Each line from the one bearing "Ultra Soft Area" through the last line of the entries below should be returned exactly, with pictures left out.
DATA FOR REVIEW section start
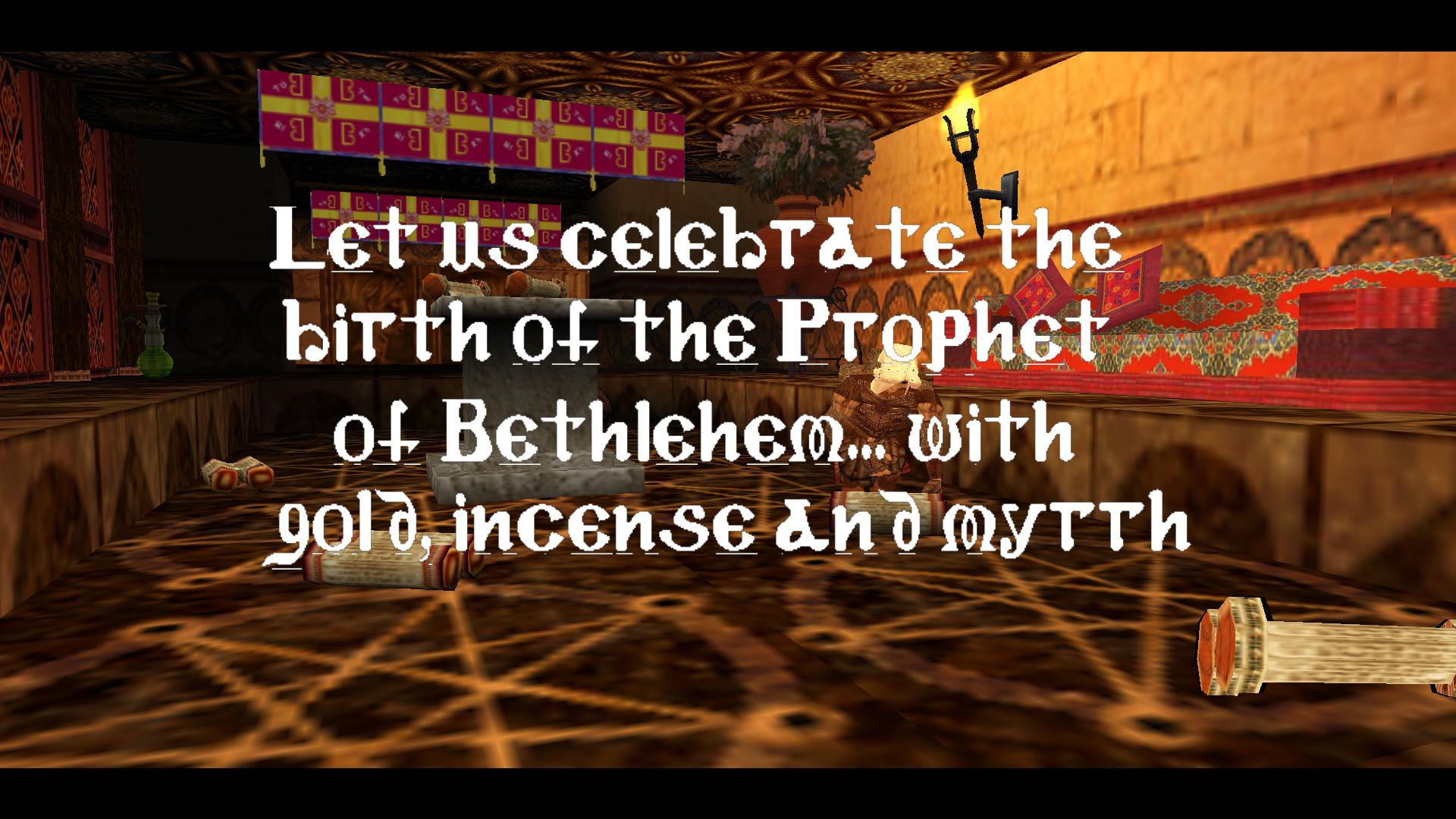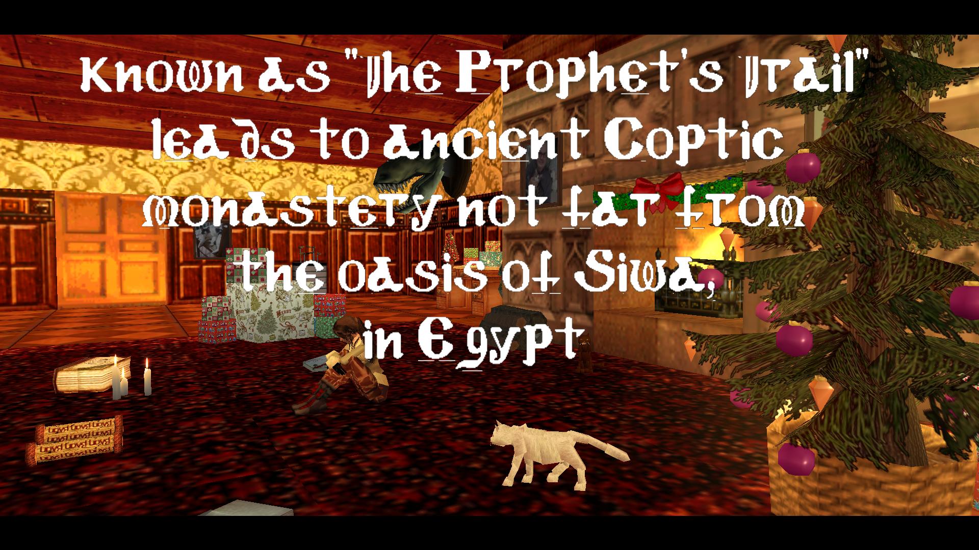 Nincs ebben a pályában egy Mikulás sem, hó sincs, sem szarvasfogat, mégis Karácsonyi, hisz Jézus születésének titkát kutatjuk, egy egyiptomi kolostorban. Ellenség mindössze egyetlen kereszteslovag, és egy vízi kígyó. Viszont vannak csapdák, amiket el kell kerülni. Sok kulcsot, imahengert, és ikont kell megszerezni, mire a végén megnézhetjük a titkos tekercset. Ne hagyja ki senki ezt a remek hangulatú, változatos pályát.Secret nincs a páklyán. Boldog Karácsonyt!
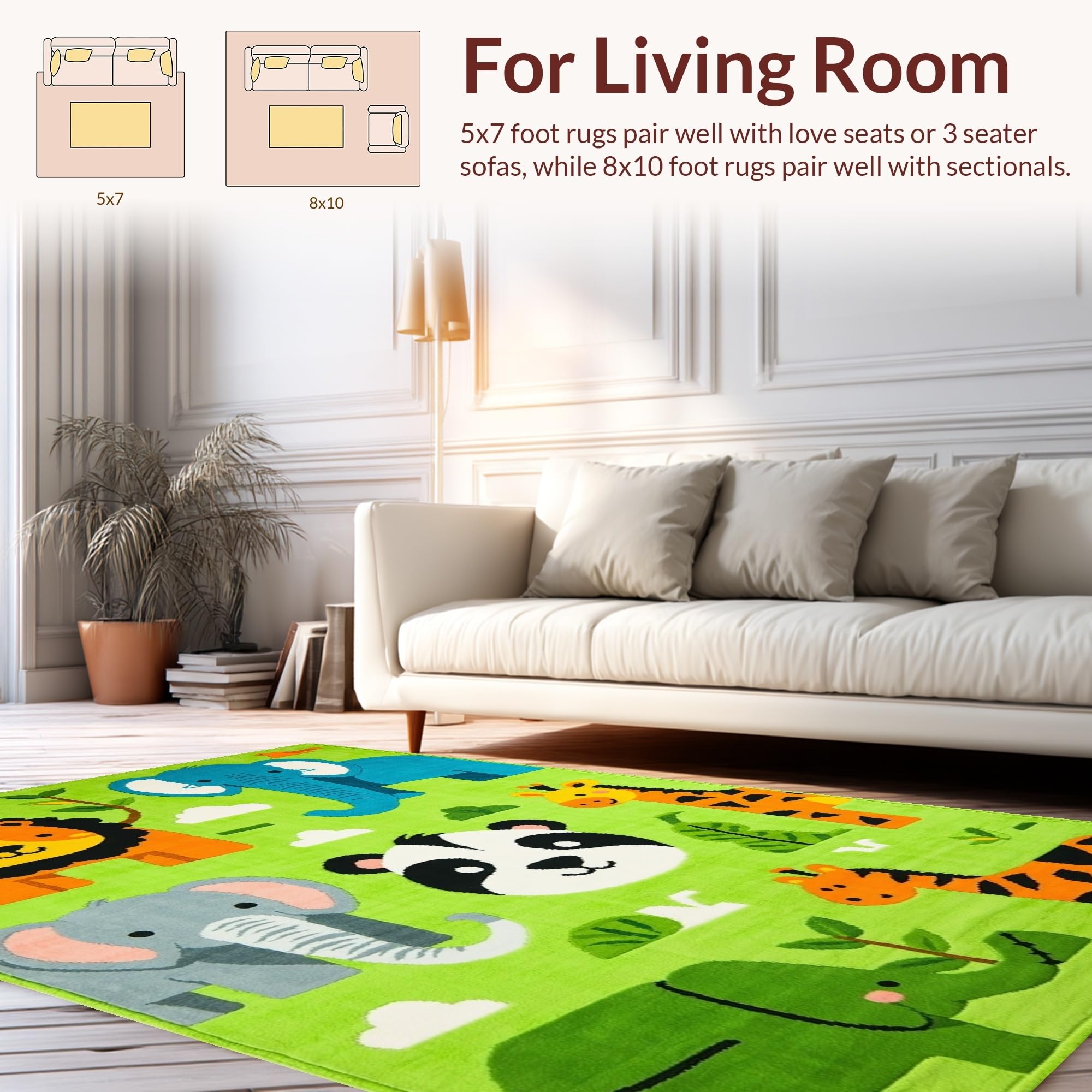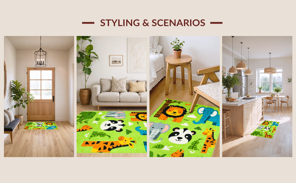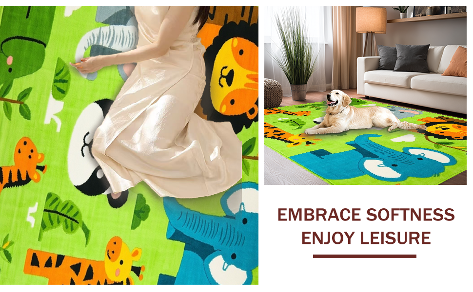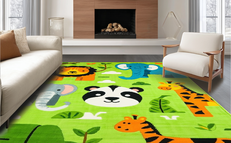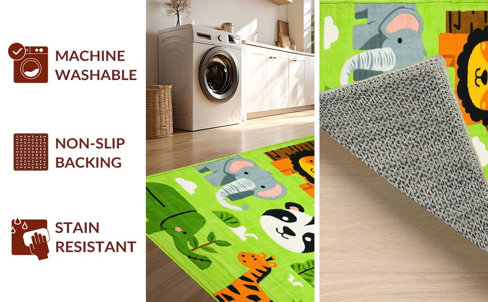 Ultra Soft Area Rug, Non Slip, Stain Resistant, Washable Area Rugs for Living Room, Bedroom, Colorful Nature-Inspired Nursery Design(Green) Overview:
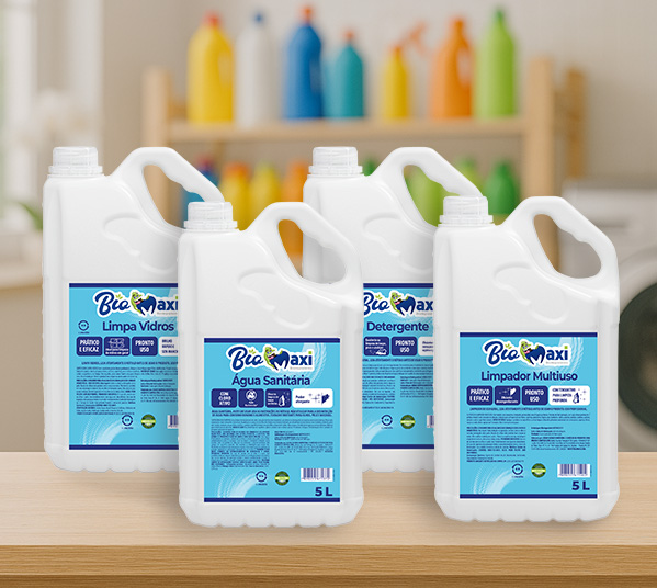 A linha de produtos de limpeza BioMaxi com embalagens biodegradáveis foi desenvolvida para unir eficiência e responsabilidade ambiental. Com opções como água sanitária, desinfetante, detergente, limpador multiuso e limpa-vidros, oferece alto poder de limpeza, praticidade e cuidado com o meio ambiente.
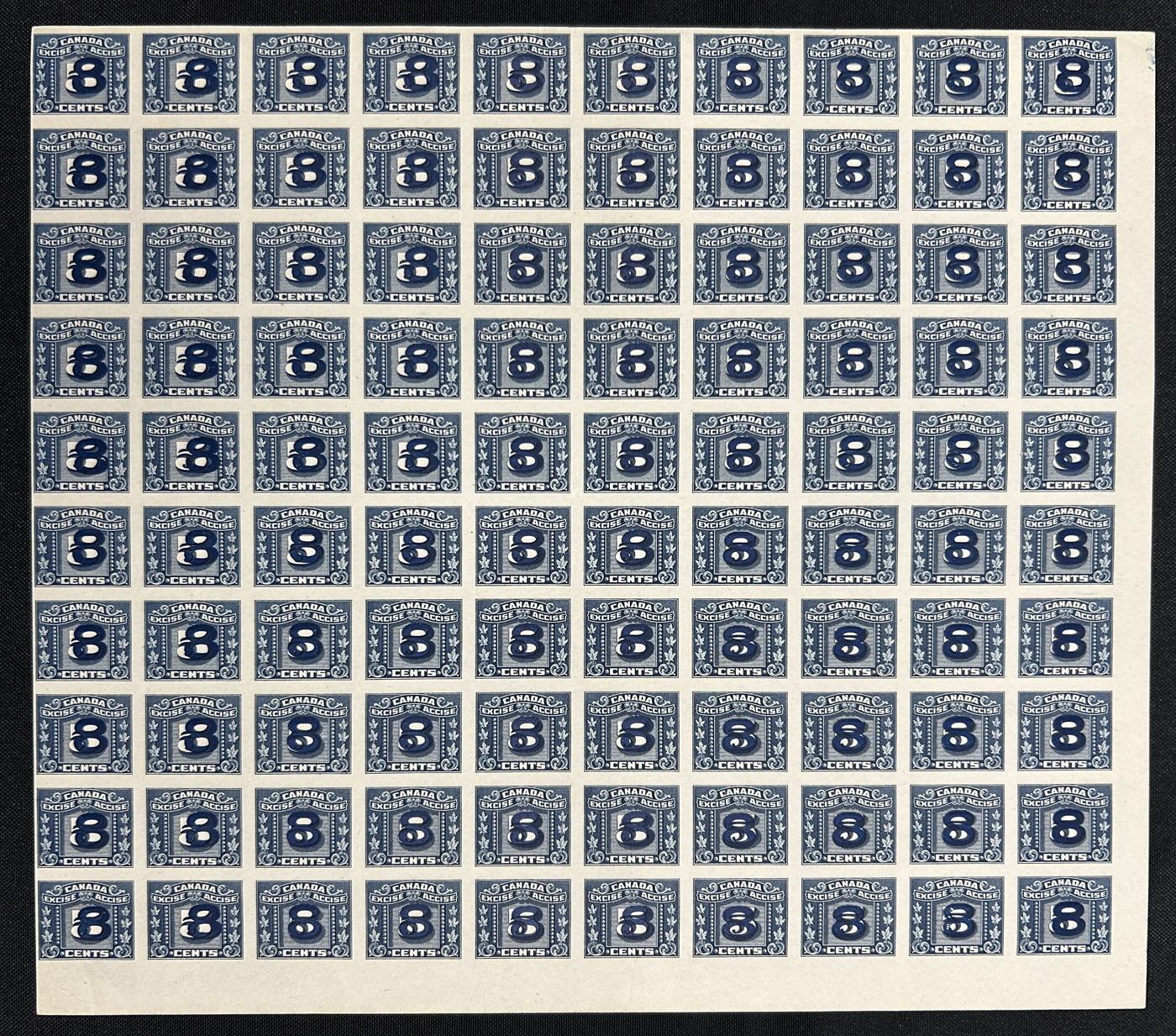 621 ng FX137a image8 on 5c Blue Excise Stamp, Imperforate, an unused (no gum, as issued) sheet of 100, with sheet margin on two sides, fresh and very fine. A rare complete sheet.
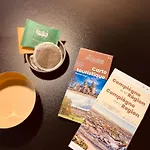 Gastenkamers bieden een eetgedeelte, samen met een bureau voor het comfort van de gasten. Voor uw comfort vindt u een waterkoker, een koelkast en keukengerei.
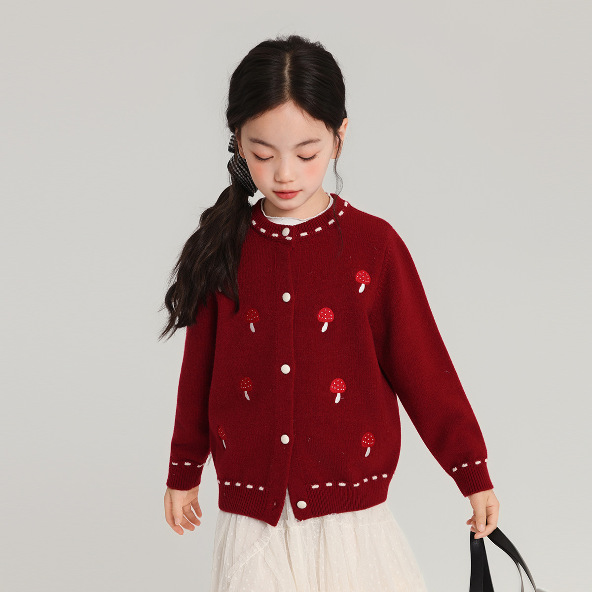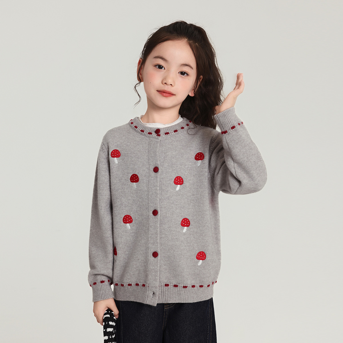 Pudding Haru Girls Top 2025 새로운 어린이 긴팔 버섯 자수 스웨터 카디건 소녀 가을 코트
DATA FOR REVIEW section end
= TASK OUTPUT =
 Ultra Soft Area Rug, Non Slip, Stain Resistant, Washable Area Rugs for Living Room, Bedroom, Colorful Nature-Inspired Nursery Design(Green) Overview:
 A linha de produtos de limpeza BioMaxi com embalagens biodegradáveis foi desenvolvida para unir eficiência e responsabilidade ambiental. Com opções como água sanitária, desinfetante, detergente, limpador multiuso e limpa-vidros, oferece alto poder de limpeza, praticidade e cuidado com o meio ambiente.
 621 ng FX137a image8 on 5c Blue Excise Stamp, Imperforate, an unused (no gum, as issued) sheet of 100, with sheet margin on two sides, fresh and very fine. A rare complete sheet.
 Gastenkamers bieden een eetgedeelte, samen met een bureau voor het comfort van de gasten. Voor uw comfort vindt u een waterkoker, een koelkast en keukengerei.
 Pudding Haru Girls Top 2025 새로운 어린이 긴팔 버섯 자수 스웨터 카디건 소녀 가을 코트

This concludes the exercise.